Surviving the Truth
Page 15
The sound of fabric moving against skin preceded Kenneth’s hand sliding beneath the covers to find hers.
The contact startled her but she didn’t move away.
Instead, she listened to the warm rumble of his voice.
“I’ve never told you about the day Ally died, have I?”
That question was more unexpected than the impromptu hand-hold. Willa shook her head. He must have heard the movement because he continued without a verbal answer.
“Most know the gist of how she was found, in Becker’s field with two bullets in her, but no one knows why she was there in the first place.” He shifted a little but kept Willa’s hand. His voice stayed even and warm despite the topic. “See, Ally was one of those crazy people who loved to run. I’d say it’s all just exercise and she’d fuss at me and say running wasn’t just a way to try to stay in shape, it was a lifestyle.

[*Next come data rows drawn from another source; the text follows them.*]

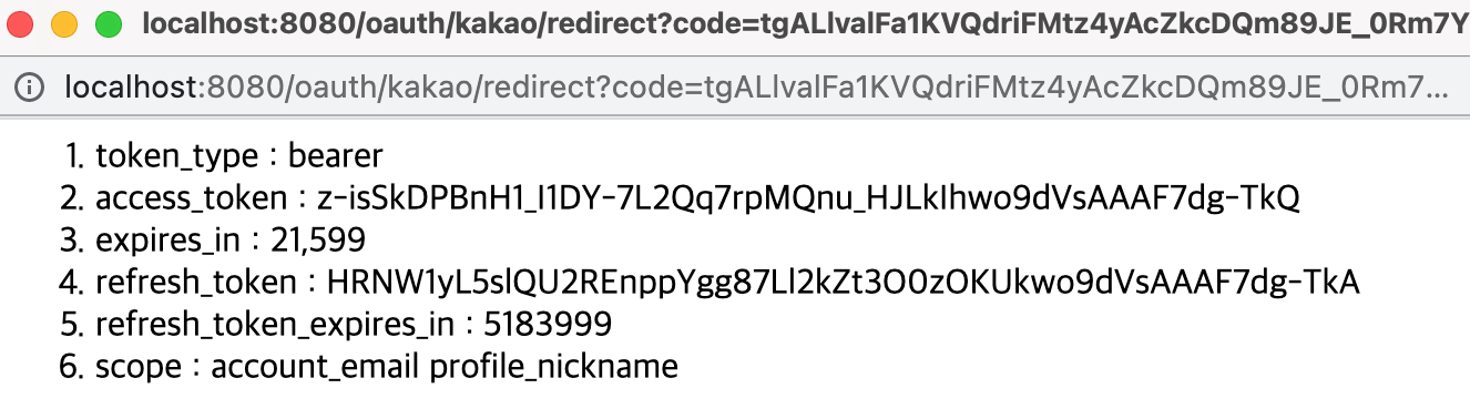 redirect_uri는 내가 미리 카톡 API 서버에 지정해둔 것이므로 해당 리다이렉트 주소에 맞게 처리하면 된다.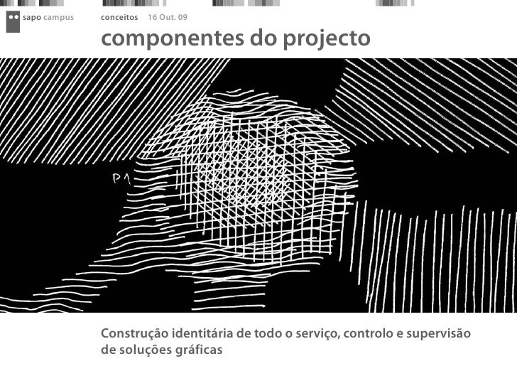 12. 12. sapo campus conceitos 16 Out. 09 componentes do projecto Construção identitária de todo o serviço, controlo e supervisão de soluções gráficas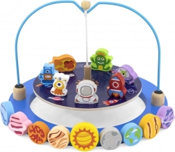 Mit dem Holzspiel Balancierspiel - Weltraumspaß tauchen Kinder in ein Weltraumabenteuer ein. Dieses unterhaltsame und lehrreiche Spiel enthält eine Basis mit den Maßen 26 x 26 x 18 cm, die einem Kreis mit Weltraummotiven ähnelt.
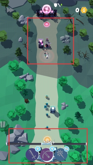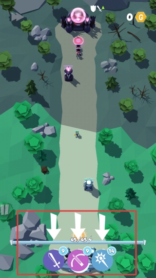 在战斗场景中,使用下方提供的剑、斧、法球三种技能,按照箭头指示的方向部署单位,让它们沿着指定路线向前推进,攻击敌方的建筑。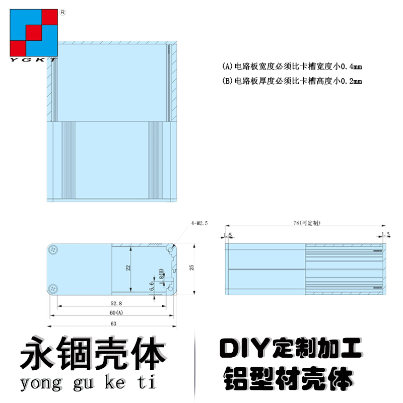 63*25 aluminum alloy electronic equipment circuit board junction box Aluminum shell custom aluminum extrusion material Power controller box

A way to get and keep control of your life while also giving you freedom.”
He laughed. It sounded old and worn.
A laugh recalled from a memory he’d no doubt had with his wife.
“But for me? Well, it was just a fast way to make you sweaty and hungry.” Willa felt through the mattress’s rising and falling that he’d taken a deep breath. When he’d let the breath out, the warmth in his voice had gone with it. “The last time I saw her alive, she wanted to break in her new running shoes and go on a trail at the park to shake things up. She asked me to go with her. I didn’t.”
There was unmistakable pain in his voice.
Willa wished she could make it better. She knew she couldn’t. At least, not entirely.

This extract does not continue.